SUPPLIED RECORDS START

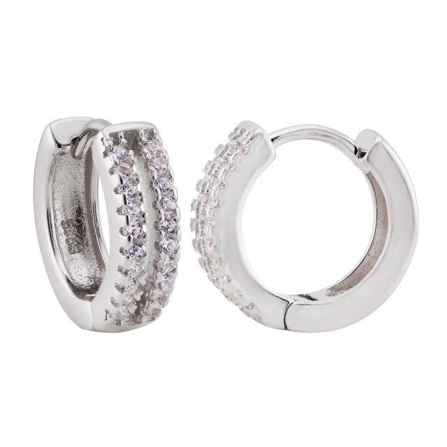 Brinco argola em Prata 925 com fileira de zircônias, que entrega brilho sofisticado e acabamento elegante. O design equilibrado combina estrutura lisa com pedras cravejadas, criando uma peça versátil, moderna e atemporal — ideal para quem busca presença sem exageros.
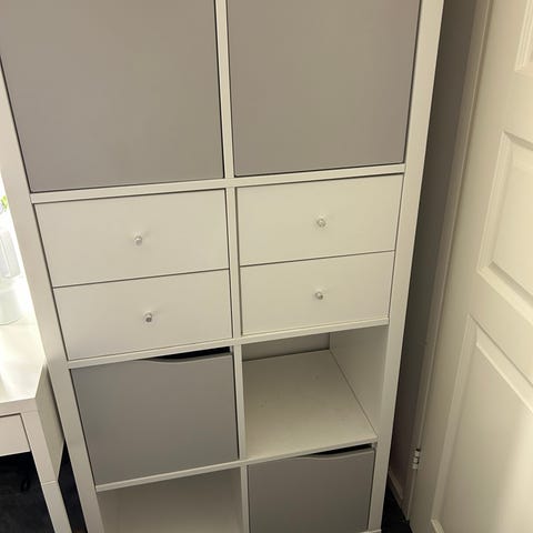 Myyntiin kuvien kaksi Ikea hyllykokonaisuutta ja Kuggis säilytyslaatikoita 16 kappaletta. Säilytyslaatikoidet mitat ovat 30x30x30cm, laatikoihin ei ole kansia. Laatikoiden yhdessä kantissa on pyöreä tarra (kännettynä kuvissa seinään päin). Siisti ja ehjä hyllykokonaisuus.
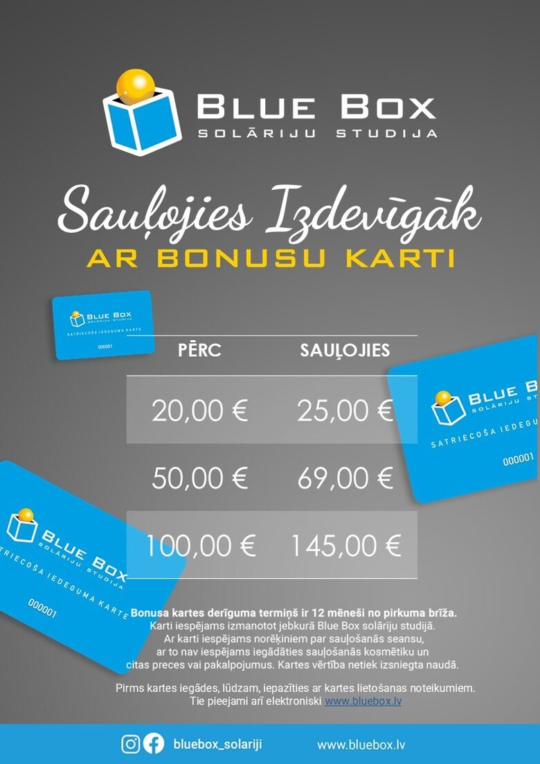 * akcijā piedalās Blue Box studijas: Blue Box Pērnavas, Ziepniekkalnā, Imantā, Ogrē, Tukumā, Valmierā, Ķekava, Jēkabpils(Vecpilsētas laukums)
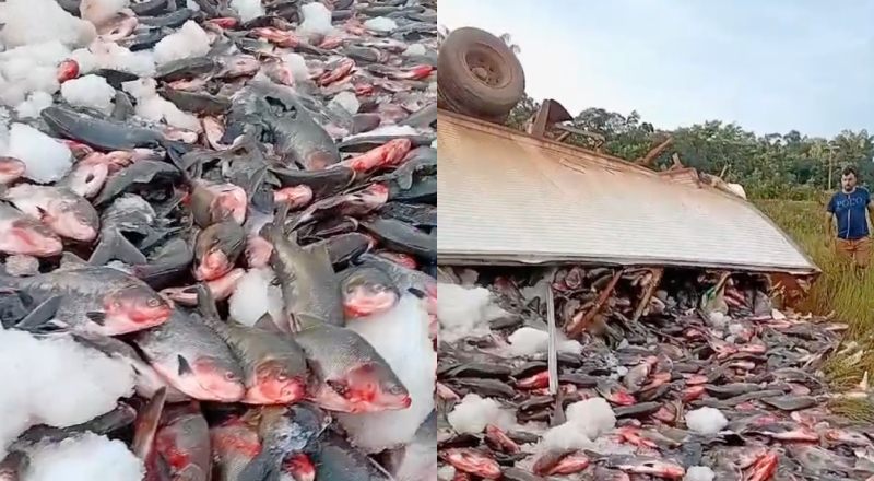 O acidente resultou na perda de grande parte da carga, com centenas de peixes espalhados pela pista de terra. Um vídeo que circula nas redes sociais registra a reação de populares no local, surpresos com a quantidade: “É muito peixe, né cara? Tá é doido o negócio, velho”, diz um dos homens, enquanto outro orienta: “Bora cobrir, bora cobrir de lona! Cadê a lona?”.
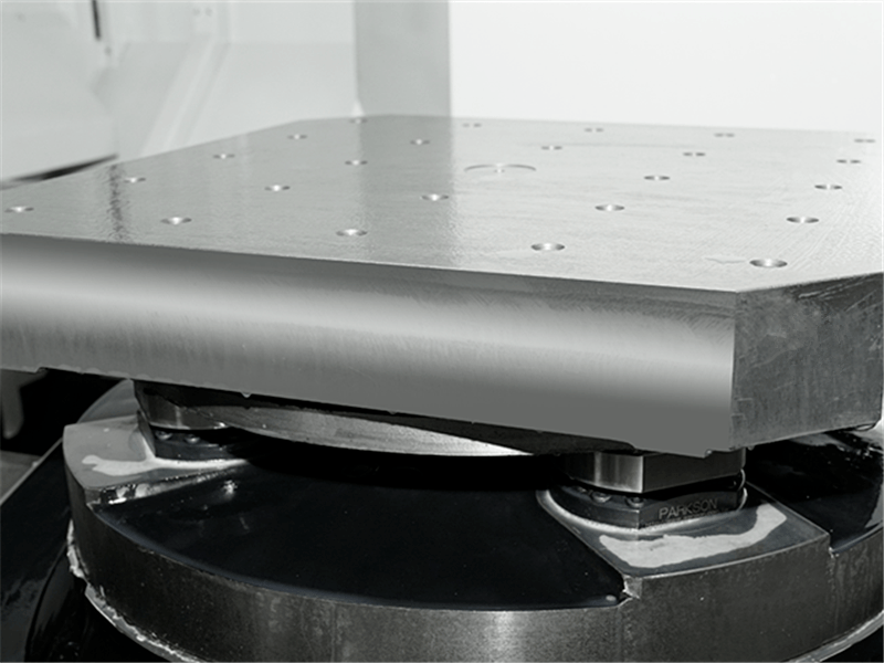 工作臺板與底座間采用四個大定位銷定位,同時兼具夾緊功能,可保證托盤剛性夾緊和精確定位,托盤的重復(fù)定位精度高。工作臺旋轉(zhuǎn)采用高精度牙盤定位,分度精度高、承載大。
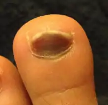 Repeatedly thrusting the toes against a shoe's toe box can cause a subungual hematoma called jogger's toe,[8] runner's toe, or black toenail. In a marathon, several percent of runners may be affected.[4] Wearing footwear which fits helps prevent runner's toe.[4]
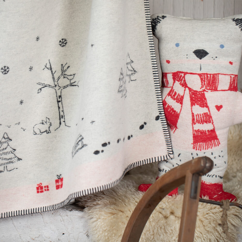 Gefülltes Kissen "JUWEL - Winterbär" (Rohweiß) von David Fussenegger
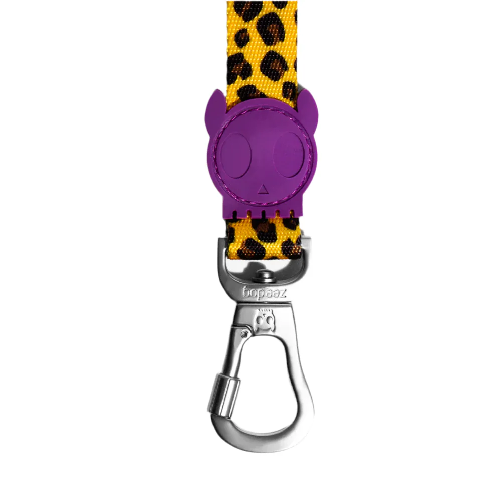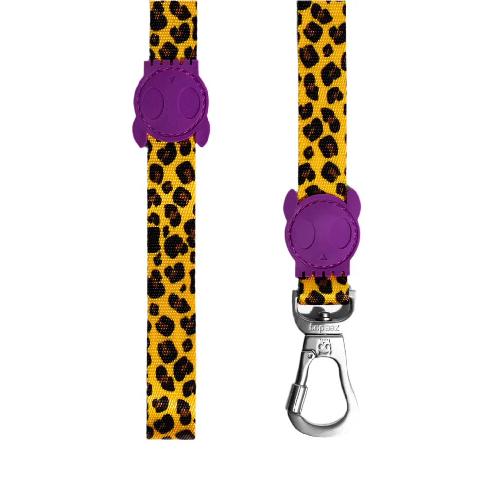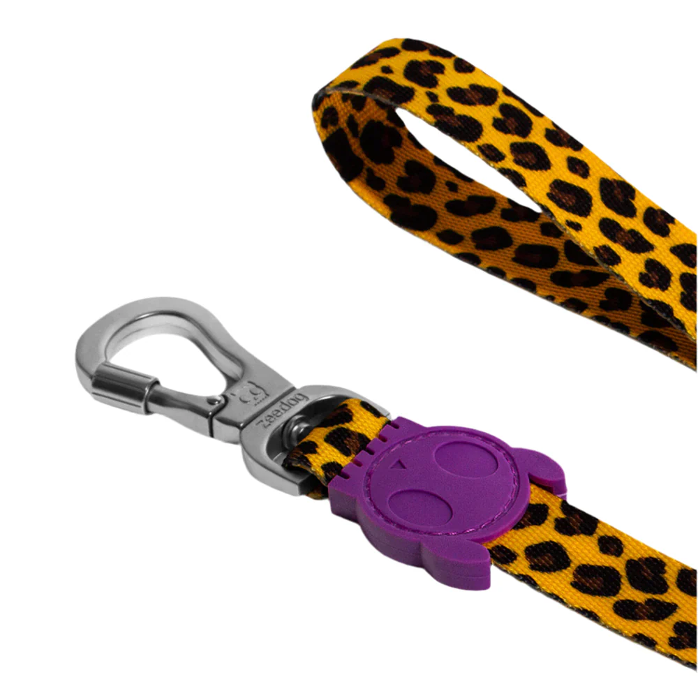 Maak elke wandeling bijzonder met de Honey hondenlijn van Zee.Dog. Met een warme goudgele panterprint, verfijnde bruin-zwarte vlekken, speelse paarse accenten en een zilverkleurige karabijnhaak, combineert deze lijn stijl en functionaliteit moeiteloos. Perfect voor baasjes die oog hebben voor detail en design
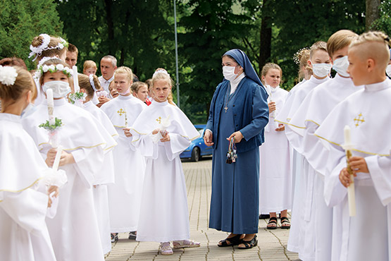 Sovietmetį per kaimą eina moteris kaip niekur nieko. Be jokių ženklų ar garsų iš trobų, sodybų išeina vaikai ir seka paskui ją. Miškelyje jie randa savo vietą – ratu sudėtus rąstus, stačią kryžių ar prie medžio prikabintą kryželį. Slapta vienuolė pamoko vaikus giesmelių, kartu meldžiasi, atpasakoja Šventąjį Raštą, parodo paveikslėlių. Po to visi ramiai išsiskirsto ir grįžta namo. Tais priespaudos laikais pagrindinė vaikams tikėjimą perduodanti katechetė dažnai būdavo močiutė.
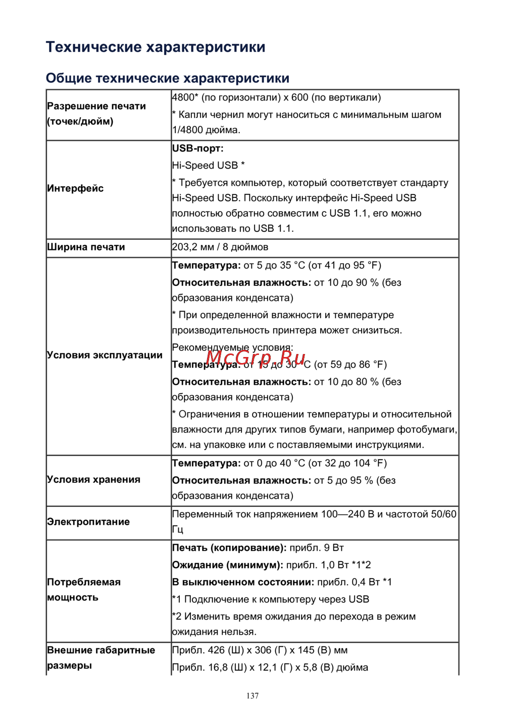 Canon PIXMA MG2545 — технические характеристики принтера: разрешение, интерфейсы и условия [137/638]
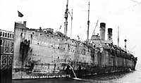 Photo #: NH 100556 Kroonland (American Passenger Steamer, 1902) Photographed prior to World War I, during and after which this liner served as USS Kroonland (ID # 1541). Commissioned on 25 April 1918, she was decommissioned and returned to her owner on 1 October 1919. U.S. Naval History and Heritage Command Photograph. Online Image: 36KB; 740 x 225 pixels |
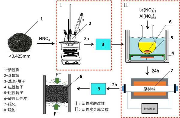 鑭鋁改性活性炭的制備包括兩個(gè)步驟:酸改性過(guò)程(I)和鑭-鋁加載過(guò)程(II)。方法I涉及特定質(zhì)量分?jǐn)?shù)的硝酸(HNO3)。將HNO3和活性炭混合在燒瓶中,將燒瓶置于75°C的恒溫水浴中保持2小時(shí)。然后,將活性炭洗滌至中性并在100℃下干燥3小時(shí),從而獲得酸改性的活性炭。用鑭(NO3)3·2H2O和鋁(NO3)3加載鑭和鋁的酸改性活性炭。將10g酸改性活性炭在100mL鑭(NO3)3·2H2O和鋁(NO3)3的混合溶液中攪拌24小時(shí)。然后,將固體產(chǎn)物在氮?dú)庀掠?00°C的管式爐中碳化兩小時(shí),冷卻至室溫后,完成鑭鋁改性活性炭,制備和吸附過(guò)程示意圖如圖1所示。鑭鋁改性活性炭將用作氟化物的吸附劑。
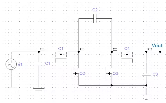 电荷泵最经典的应用是倍压输出,主要利用了电容储存电荷的原理组成不同的充放电回路以拉高输出电压。基本结构如下图:
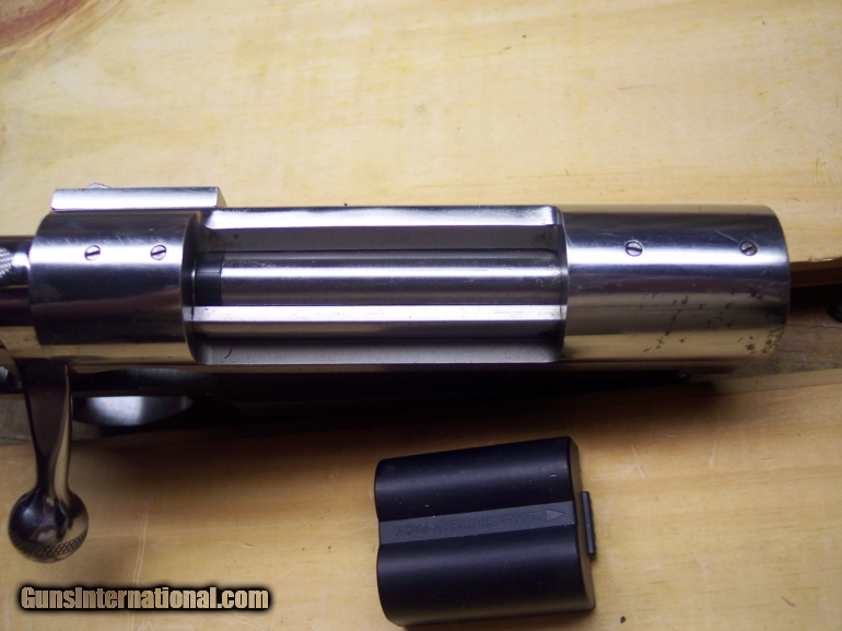 Description: Stainless sako rifle action. Medium caliber etched eagles on magazine plate and trigger.Slight pitting on front and rear of receiver. Original box. SOLD |
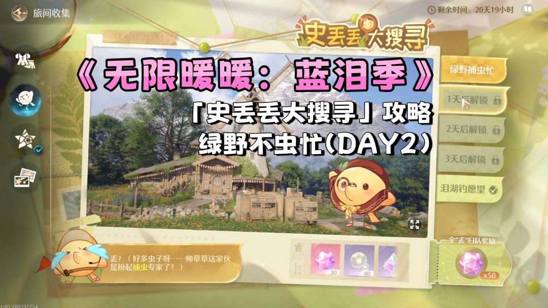 《无限暖暖:蓝泪季》的攻略来了! 今天是第二天,今天的主题是“绿野捕虫忙”。 希望今天的攻略可以帮助到大家!!! #无限暖暖蓝泪季 #无限暖暖蓝泪季攻略 #游戏种草计划 #无限暖暖 #Nikki #暖暖nikki #infinitynikki

SUPPLIED RECORDS END

Quote word for word only the lines above from the one containing "Myyntiin kuvien kaksi" through the one containing "Sovietmetį per kaimą". Pictures stay out of your copy.

■ **ANSWER BELOW**:
 Myyntiin kuvien kaksi Ikea hyllykokonaisuutta ja Kuggis säilytyslaatikoita 16 kappaletta. Säilytyslaatikoidet mitat ovat 30x30x30cm, laatikoihin ei ole kansia. Laatikoiden yhdessä kantissa on pyöreä tarra (kännettynä kuvissa seinään päin). Siisti ja ehjä hyllykokonaisuus.
 * akcijā piedalās Blue Box studijas: Blue Box Pērnavas, Ziepniekkalnā, Imantā, Ogrē, Tukumā, Valmierā, Ķekava, Jēkabpils(Vecpilsētas laukums)
 O acidente resultou na perda de grande parte da carga, com centenas de peixes espalhados pela pista de terra. Um vídeo que circula nas redes sociais registra a reação de populares no local, surpresos com a quantidade: “É muito peixe, né cara? Tá é doido o negócio, velho”, diz um dos homens, enquanto outro orienta: “Bora cobrir, bora cobrir de lona! Cadê a lona?”.
 工作臺板與底座間采用四個大定位銷定位,同時兼具夾緊功能,可保證托盤剛性夾緊和精確定位,托盤的重復(fù)定位精度高。工作臺旋轉(zhuǎn)采用高精度牙盤定位,分度精度高、承載大。
 Repeatedly thrusting the toes against a shoe's toe box can cause a subungual hematoma called jogger's toe,[8] runner's toe, or black toenail. In a marathon, several percent of runners may be affected.[4] Wearing footwear which fits helps prevent runner's toe.[4]
 Gefülltes Kissen "JUWEL - Winterbär" (Rohweiß) von David Fussenegger
 Maak elke wandeling bijzonder met de Honey hondenlijn van Zee.Dog. Met een warme goudgele panterprint, verfijnde bruin-zwarte vlekken, speelse paarse accenten en een zilverkleurige karabijnhaak, combineert deze lijn stijl en functionaliteit moeiteloos. Perfect voor baasjes die oog hebben voor detail en design
 Sovietmetį per kaimą eina moteris kaip niekur nieko. Be jokių ženklų ar garsų iš trobų, sodybų išeina vaikai ir seka paskui ją. Miškelyje jie randa savo vietą – ratu sudėtus rąstus, stačią kryžių ar prie medžio prikabintą kryželį. Slapta vienuolė pamoko vaikus giesmelių, kartu meldžiasi, atpasakoja Šventąjį Raštą, parodo paveikslėlių. Po to visi ramiai išsiskirsto ir grįžta namo. Tais priespaudos laikais pagrindinė vaikams tikėjimą perduodanti katechetė dažnai būdavo močiutė.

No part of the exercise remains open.